Macy’s Inc. shares have slumped 25% this year and its credit rating was cut to junk by S&P Global Ratings amid disappointing results for 2019. The U.S. retailer said Feb. 4 that it will close 125 stores over the next three years. Hudson’s Bay, which sold a string of assets to reduce debt, has been struggling to boost revenue at its eponymous chain in Canada, while Saks has also recently showed signs of weakening.
What Bloomberg Intelligence says:
“Sustained sales weakness at department stores, with a double-digit decline from Feb. 1-17, requires retailers such as Macy’s and Kohl’s to take bolder steps to reinvent themselves, including closing more locations.”
--Poonam Goyal, BI senior retail analyst, and Abigail Gilmartin, BI associate retail analyst
It’s not the first time Hudson’s Bay has disappeared from the glare of public markets. Late U.S. investor Jerry Zucker took the chain private in 2006 for C$860 million. In 2008, Baker-led NRDC Equity Partners LLC agreed to acquire the retailer and an initial public offering followed in 2012. The company bought Saks the following year.

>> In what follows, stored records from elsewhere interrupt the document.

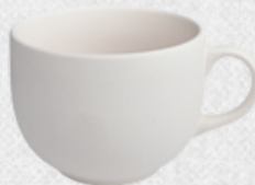
kubek 8 H9cm | Q12cm | V0,5L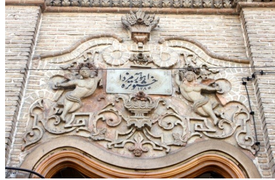
تصویر ۷. کتیبه سردر وردی مدرسه فیروزبهرام در خیابان سی تیر - تهران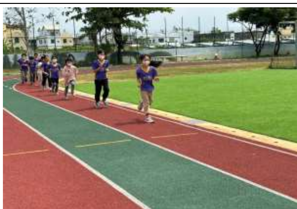
說明：體育活動課程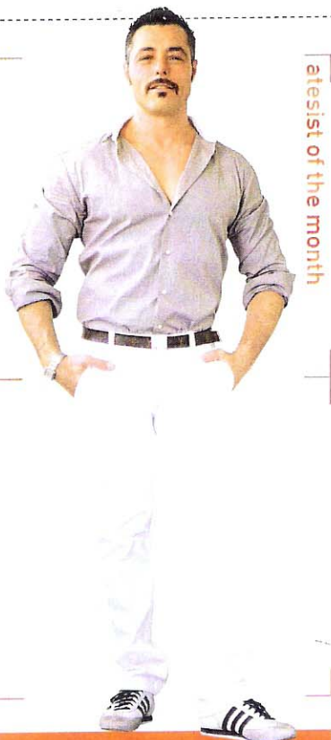
atesist of the month

SEVEN CASA DEI CILIEGI Via Luigi Bertelli 4 ☎02-2615190 M GORLA ☎19時～24時 ☎日 www.sevengroup.it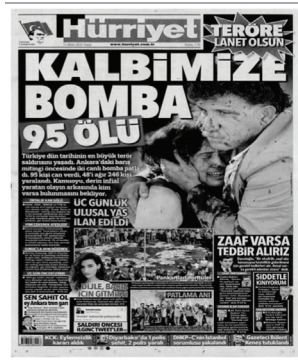
Keder ve Empatik Söylem

Türk medyasında yer alan söylemlerin hangilerinin yoğun kullanıldığını anlatmak bazı gazetelerin birinci sayfalarına ve kullanılan fotoğraf örneklerine yer verilmiştir.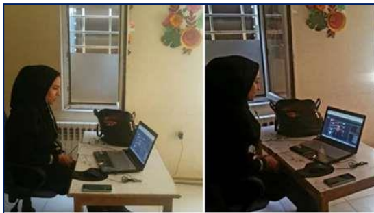
آموزش پیشگیری از سوء مصرف مواد مخدر در نوجوانان کانون پرورش فکری کودکان و نوجوانان شهرستان سرخه ۱۴۰۰/۰۴/۱۲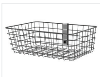
GROTE KABELMAND DONKERGRIJS 98-135-282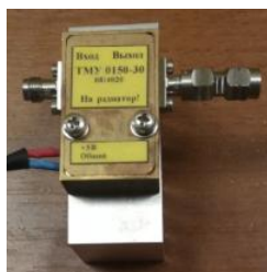
Рисунок 8 – Общий вид СВЧ малошумящего усилителя ТМУ 0140-30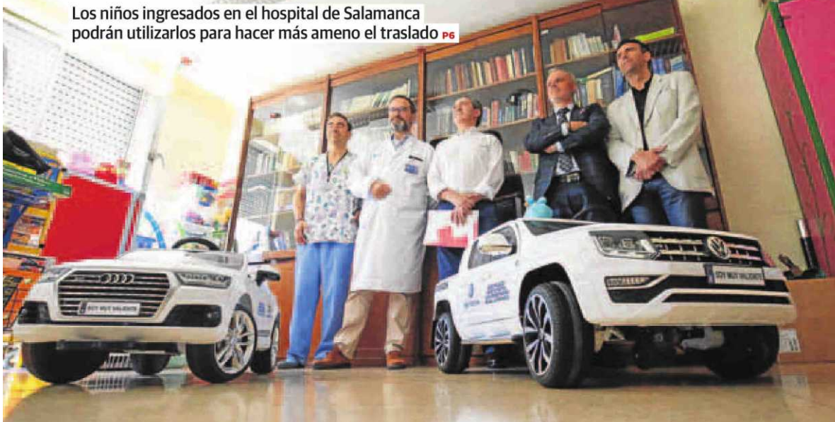
El presidente de Cruz Roja (en el centro), responsables del hospital y promotores de la iniciativa, en la presentación de los vehículos.

Los niños ingresados en el hospital de Salamanca podrán utilizarlos para hacer más ameno el traslado P6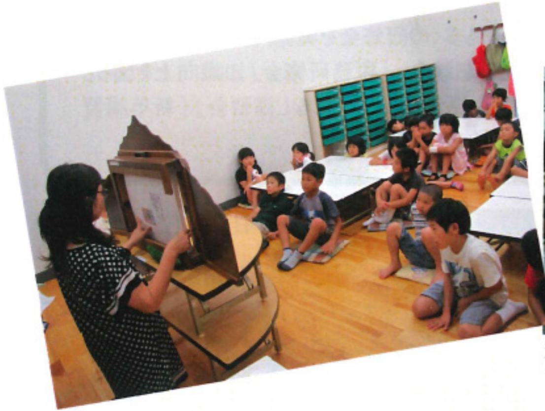
紙芝居と本の読み聞かせ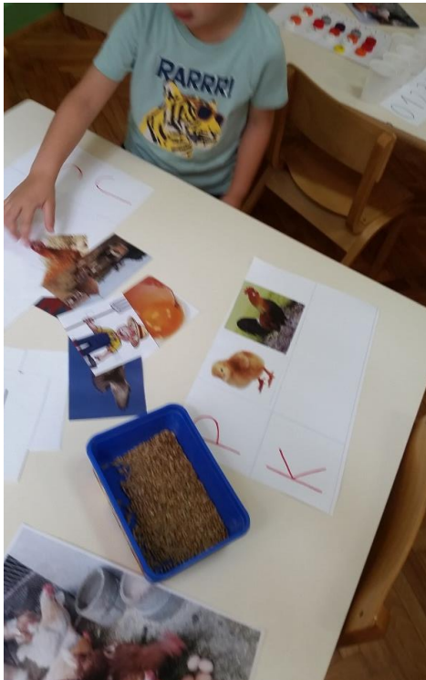
Slika 7. Središte početnog čitanja, pisanja i računanja, 2. dio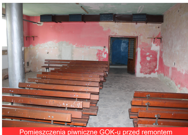
Pomieszczenia piwniczne GOK-u przed remontem

Grupa Odnowy Wsi realizowała zadanie na które został złożony wniosek do Urzędu Marszałkowskiego Województwa Podkarpackiego pod nazwą „Modernizacja, remont i organizacja pomieszczeń dla spotkań młodzieży, dzieci i dorosłych w pomieszczeniach piwnicznych budynku Gminnego Ośrodka Kultury w Borowej” - etap II. W 2020 r. kwota środków przeznaczonych z Budżetu Województwa Podkarpackiego na dofinansowanie zadań wynosiła 704 826,00 zł, co pozwoliło na podpisanie 71 umów z beneficjentami Podkarpackiego Programu Odnowy Wsi.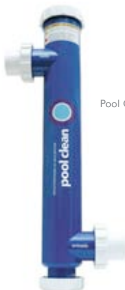
Pool Clean ES-36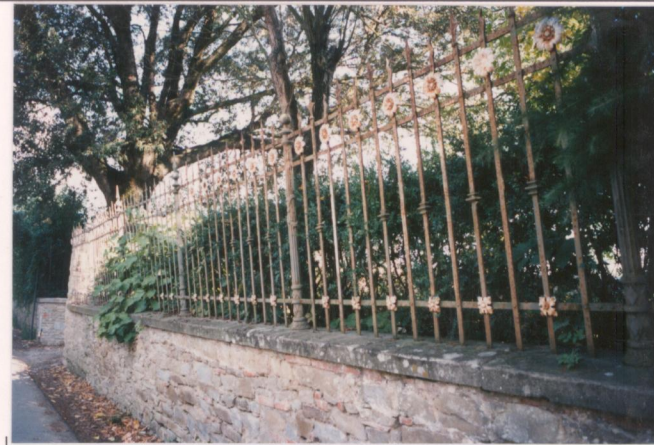
p.v. N. 7 Idem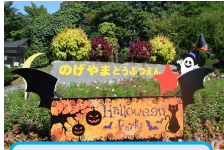
野毛山動物園 【ハロウィン装飾】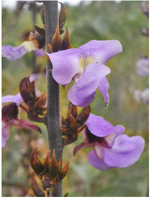
31 Dioclea grandiflora FABACEAE-PAPIL.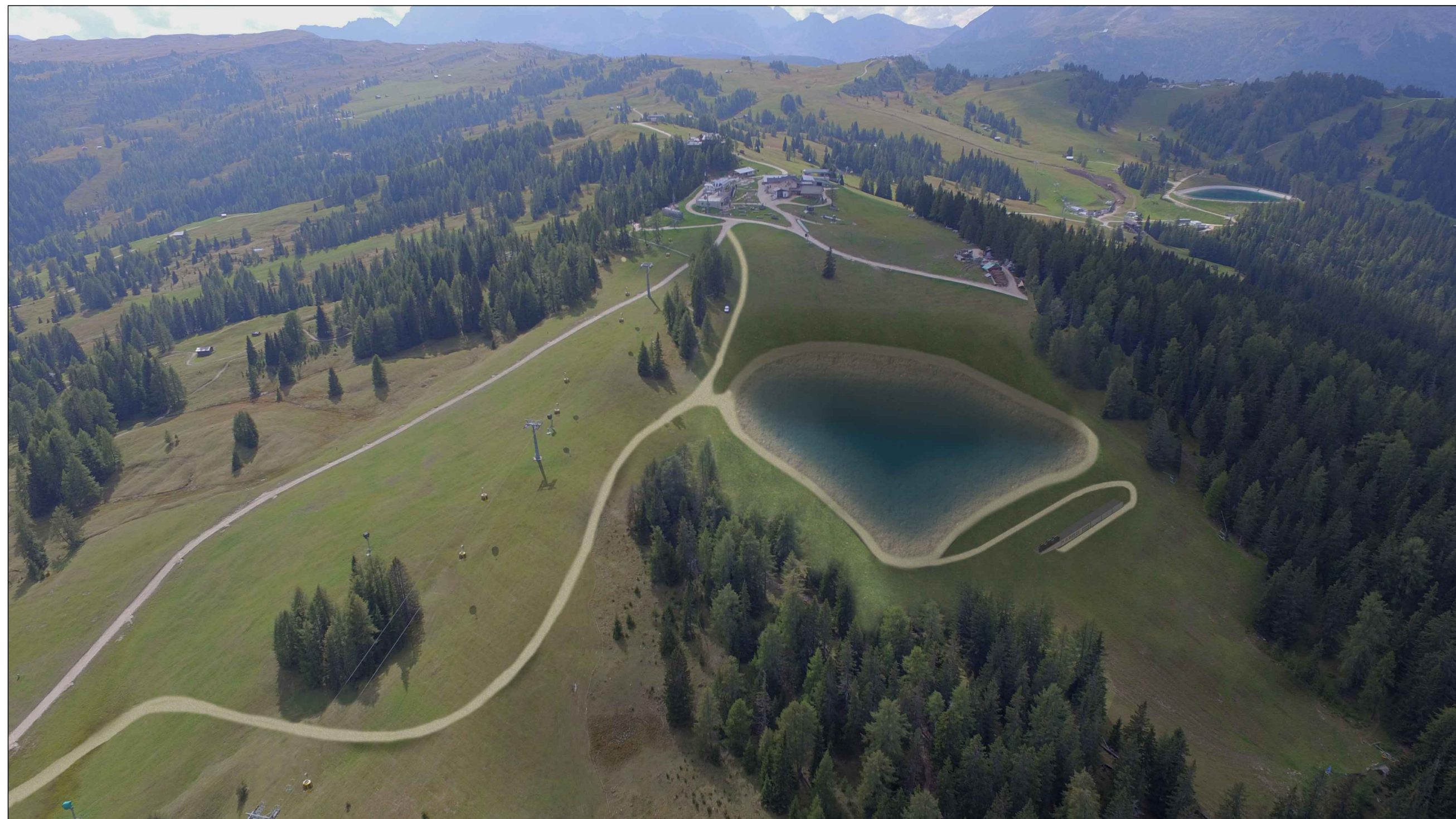
SÜD-WEST ANSICHT - PROSPETTO SUD-OVEST

Baker’s bid, which was first announced in June, marked the start of a battle that pitted him and his allies against Catalyst Capital Group Inc., a Toronto-based private equity firm run by Newton Glassman. Catalyst built up a 17.5% stake and waged a campaign against the offer, including after it was increased the first time and approved by the Hudson’s Bay’s board. It also convinced regulators to delay a shareholder vote.
Late on a Friday evening in January, the fighting parties announced they’d reached an agreement at C$11 a share, 16% higher than the original bid. It’s still 35% lower than the IPO price of C$17 a share.